Network (March, 2009) these focus on post regulation effect and market reform in the light of both corporate failures and international financial breakdowns. As the latter states:

It is now widely agreed that corporate governance failures were not the only cause of the crisis but they were highly significant, above all because boards failed to understand and manage risk and tolerated perverse incentives (Introduction, 1.2).

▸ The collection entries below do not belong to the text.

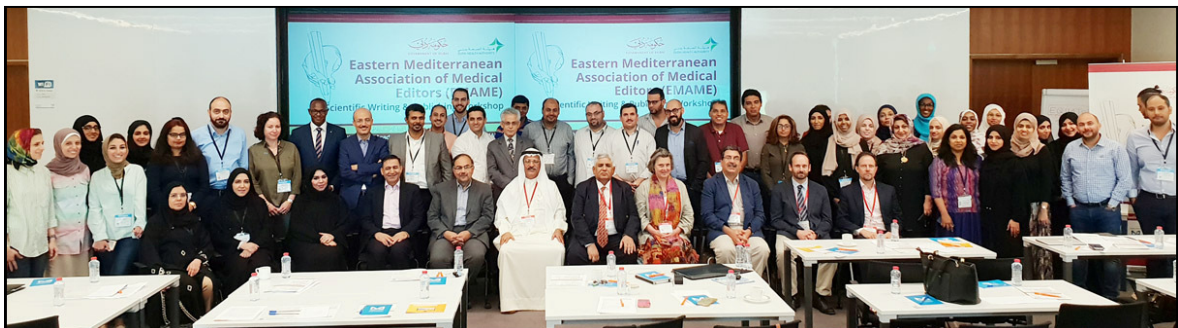
Eastern Mediterranean Association of Medical Editors (EMAME) in collaboration with Dubai Health Authority organized a three-day workshop on Scientific Writing and Publishing at Dubai from June 22-24th, 2018. The group photograph taken on this occasion shows the facilitators of the workshop with the workshop participants.
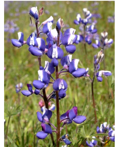
Miniature Dove Lupine Lupinus bicolor Native Annual Pea Family
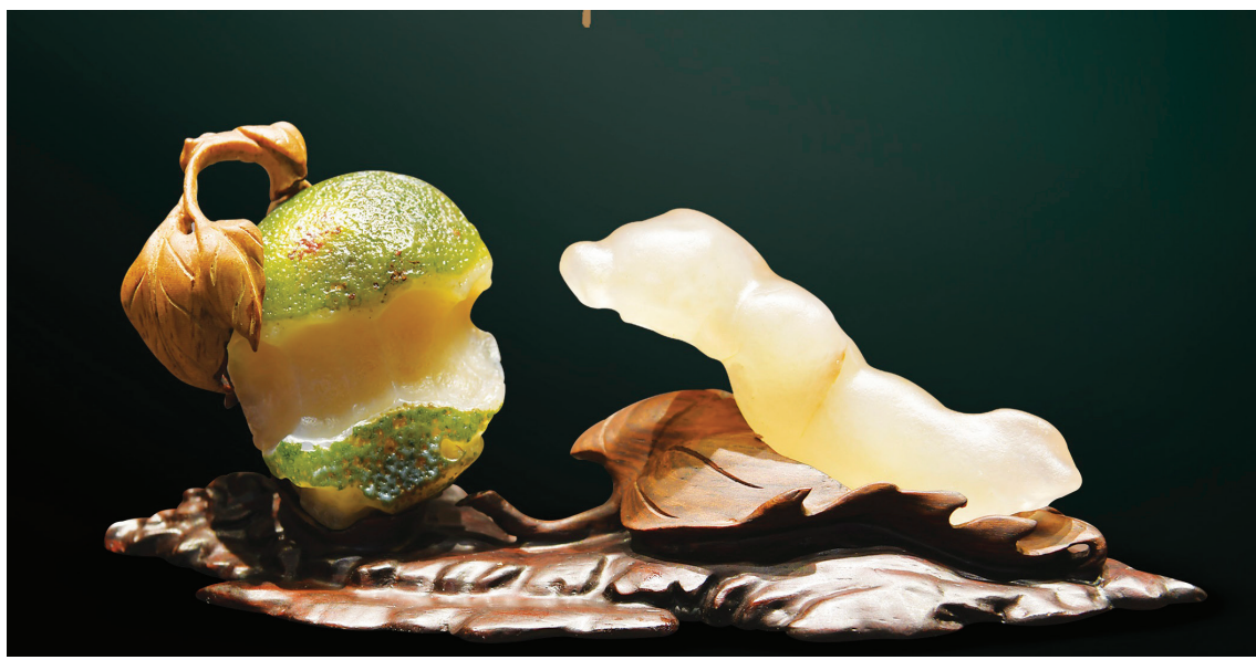
More than 1300 penjing and viewing stones will be on display at the BCI Annual Convention Exhibit in Shuyang, the largest penjing exhibition in Chinese penjing history.
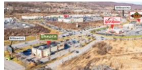
PANERA BREAD, RED ROBIN, & TEXAS ROADHOUSE Dickson City, PA
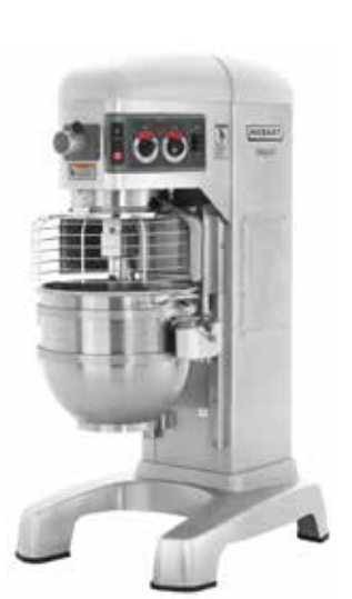
Model HL600 60 qt (57 l) bowl capacity
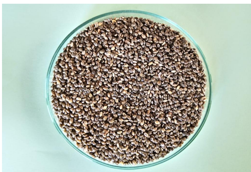
Fig.2. Seeds of new variety PMV 442 (GPUP 25)

A detailed list of recommended readings for the Corporate Governance and Financial Accountability Course at York University (Winter 2011) proposed by Professor Richard W. Leblanc demonstrates a new lead in the focus and attention being attributed to the subject of risk in the wake of the crisis.

2.9 SUMMARY

This chapter followed the development of the corporate form into the structure we recognise today. It traced the rise of the external investor and shows the implications for corporates who follow good governance process, for example, ease of funding. It also looked at the failures internationally of named companies and the subsequent development of interest by governments on the impact of significant companies on economies and the increasing scrutiny imposed on those companies by regulators, shareholders and other stakeholder groups. With the work of the board under increased pressure from all these factions it highlights the dearth of studies into board process and questions power and influence in decision-making. That leads into the area of this study in agenda setting and looks at who is seen to set and control the parameters of board discussion. It recognises that agenda setting is the exercise of power itself, the controller of board deliberations and the first act in governance of the corporate or, for that matter, any other organisation.

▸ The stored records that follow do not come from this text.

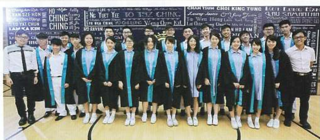
Say goodbye to SSC (6C)
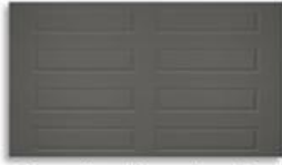
Garage Door: Bronze Long Panel
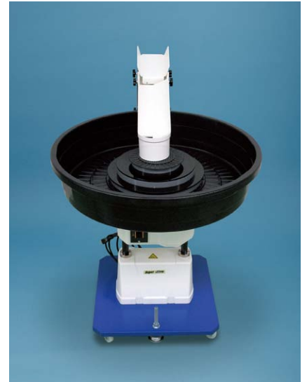
SPA-500/Φ700 with 3-tier receptacle tray
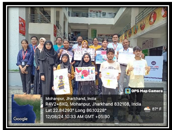
Fig 5: Group Picture included participants and faculties.
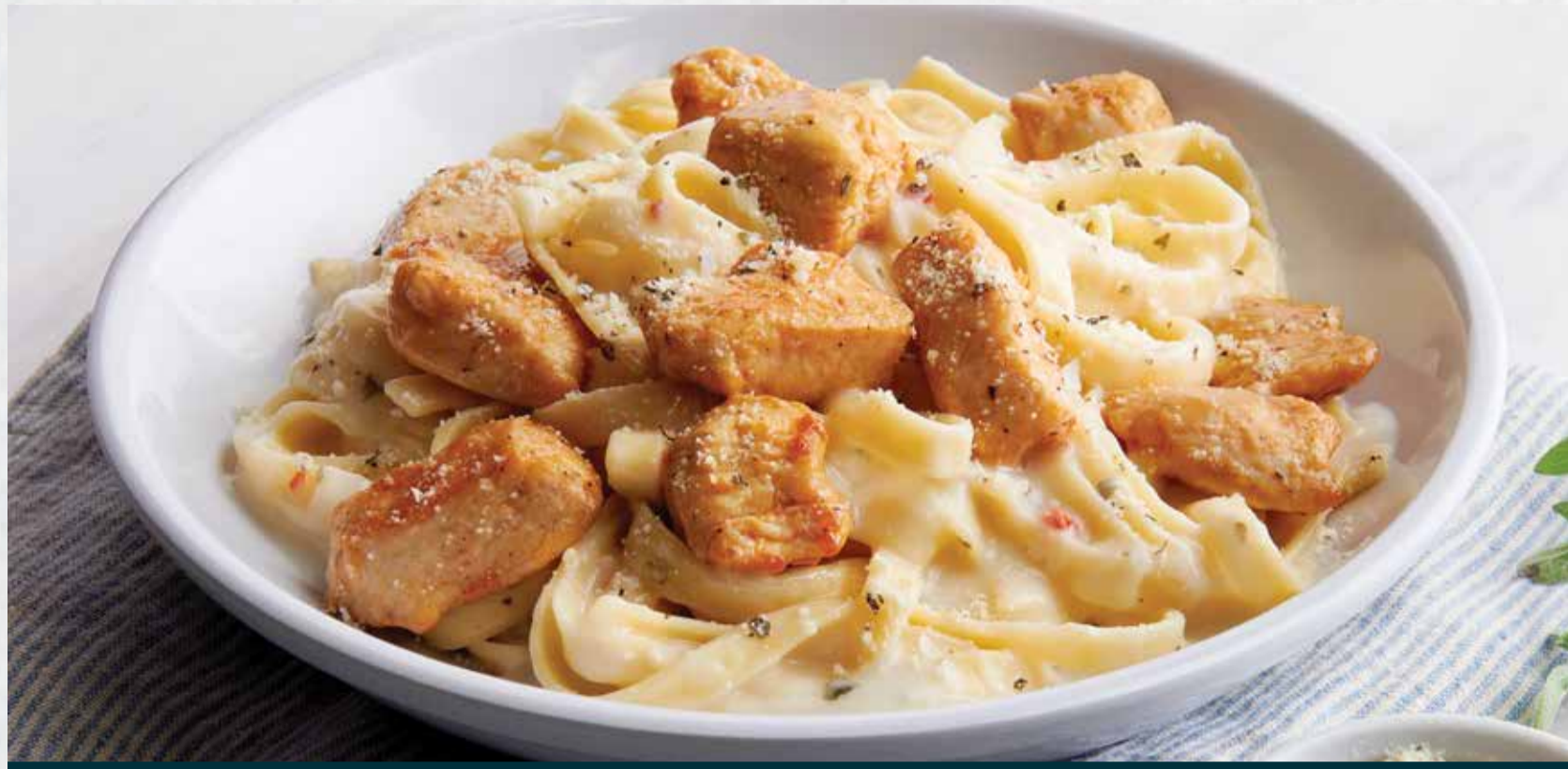
CHICKEN FETTUCCINE ALFREDO
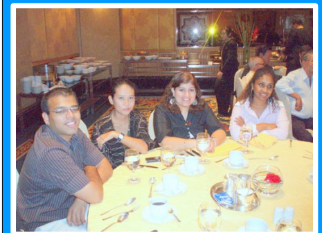
Visitors from RAC Kuala Lumpur
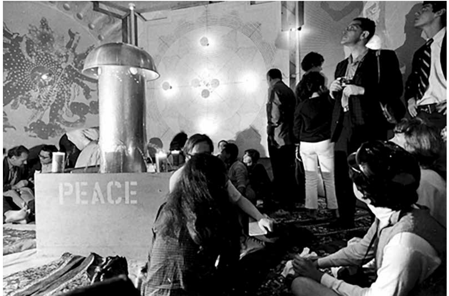
USC's Tabernacle, Garnerville, New York, 1967.

Films, Performance, and Conversation with 1960s Multimedia Pioneers
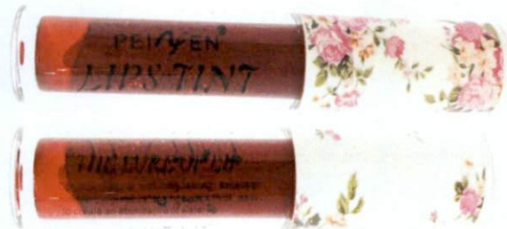
Figure 3. Unnotified Peiyen® Lips Tint The Lure Of Lip (01)

Also noted, was that the bulk of the sparse but current corporate governance literature of value originated in North America (Canada & the United States of America) and generally that research did not extend into international regimes where they are

smaller, or inherently different. Notable exceptions to this view are provided by Sir Adrian Cadbury (1995), a former chancellor of Aston University who showed strong interest in corporate governance, and Professor Morten Huse (2005) author of Boards, Governance and Value Creation. These are important contributions as shown, for example, by Higgs (2003) who considers Cadbury’s work a foundation stone of governance study in the United Kingdom. The international work in this respect appears to have been left mainly to global strategic commercial consulting groups such as McKinsey as evidenced in the McKinsey Quarterly publications (although across academia much has been written about boards and their directors in various organisation formats as noted by van der Walt, Ingley, & Diack, (2002)).

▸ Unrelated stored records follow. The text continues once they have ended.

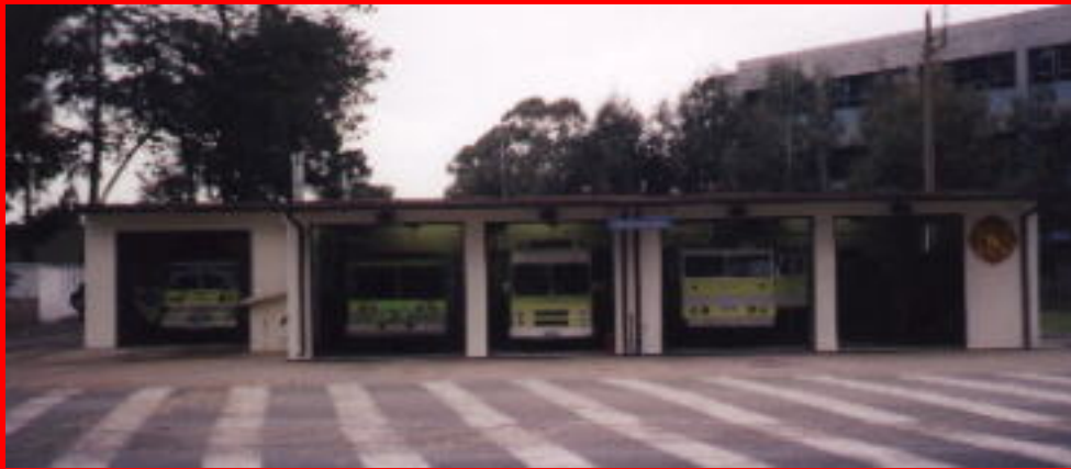
Naval Support Activity Monterey Bay Fire Dept. Station 1 (Naval Postgraduate School)
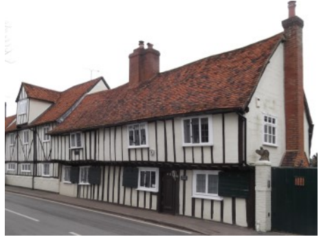
Manuden Old Maltings
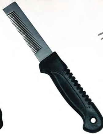
V-695 GROOMING EQUIPMENTS
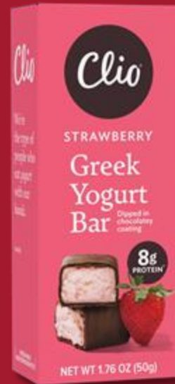
Clio Greek Yogurt Bar
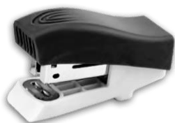
8227 Mini stapler
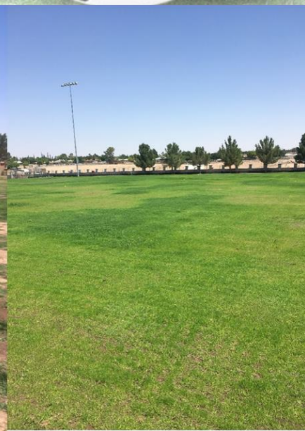
Pico Norte - After
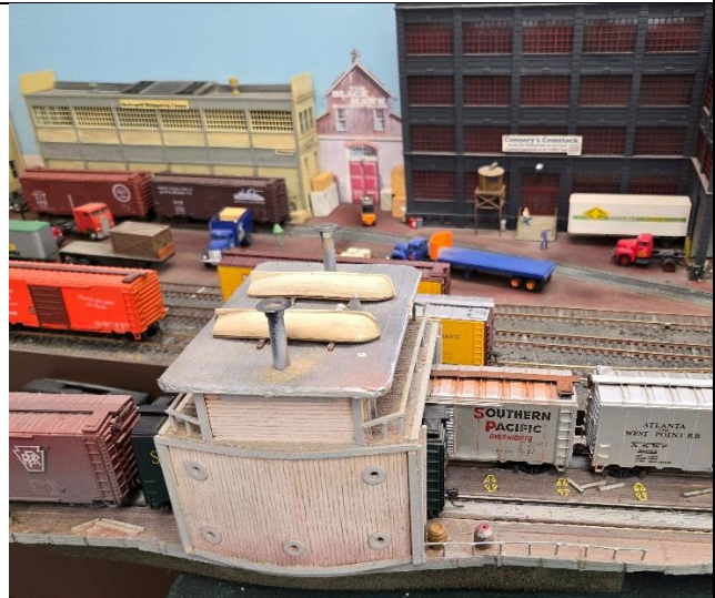
Ferryboat Sultana being loaded
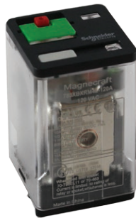
788 Full-Feature Cover

The critical themes that flow through the literature and will be explored in this research pick up the concept of Leighton and Thain (1997) and ask why directors - the apex of the control system - appear largely irrelevant. That belief is backed by Druker (1992) - directors were the last to know things had gone wrong; by Olds (Kristie, 2009) - directors were parsley on fish; and, by Deakin and Konzelmann (2004) - directors had failed to assess the risk. It will review the aspects of power and where board decisions are made as outlined by Useem and Zelleke (2006), Stevenson and Radin (2009) and Lewis and Considine (1999) and consider the director role in terms of the individual’s responsibility (Gillies & Morra, 1997) and how boards control (or should control) the agenda as suggested by MacAvoy and Millstein (2003) and Sonnenfeld (2002).

Finally, the process of agenda setting will be reviewed against the criteria laid down by Berghe and Levran (2004) that agenda setting is about doing the right things right.